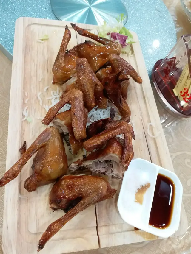 乳鴿炸得不錯,有肉汁,不太乾身胡麻醬鮮淮山幾特別蒜泥白肉卷,另一整法,好食
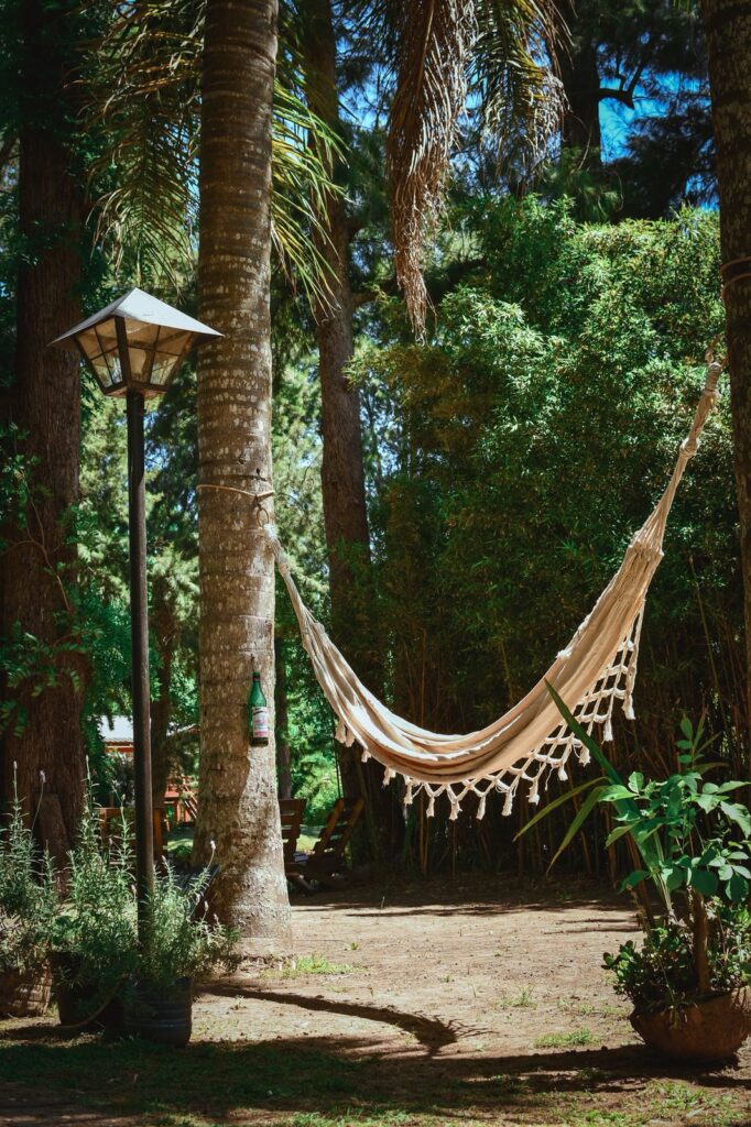 El espacio invita al descanso: hay hamacas paraguayas, reposeras, camastros y juegos de mesa artesanales, además de libros de lectura liviana para dejarse llevar por la calma isleña.
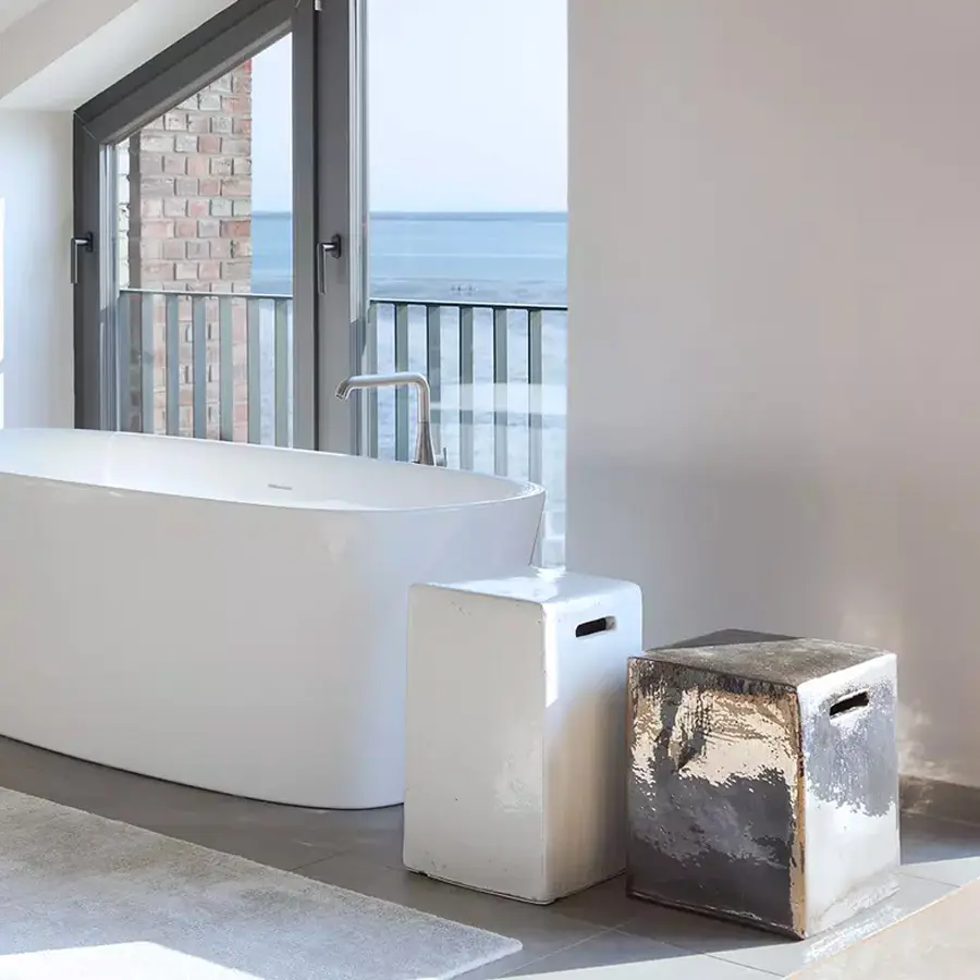 Familia de mesas de centro-pufs de hormigón GFRC azul, blanco o gris antracita, las Inout 41/42/43 se distinguen por su carácter esencial: simples formas cúbicas o de paralelepípedo, para dar origen a productos de sofisticada esencialidad.

- [EXERCISE DETAILS]:
Retype all of the material above precisely as it reads. Pictures are not part of the copy.

- [RESPONSE BOX]:
 乳鴿炸得不錯,有肉汁,不太乾身胡麻醬鮮淮山幾特別蒜泥白肉卷,另一整法,好食
 El espacio invita al descanso: hay hamacas paraguayas, reposeras, camastros y juegos de mesa artesanales, además de libros de lectura liviana para dejarse llevar por la calma isleña.
 Familia de mesas de centro-pufs de hormigón GFRC azul, blanco o gris antracita, las Inout 41/42/43 se distinguen por su carácter esencial: simples formas cúbicas o de paralelepípedo, para dar origen a productos de sofisticada esencialidad.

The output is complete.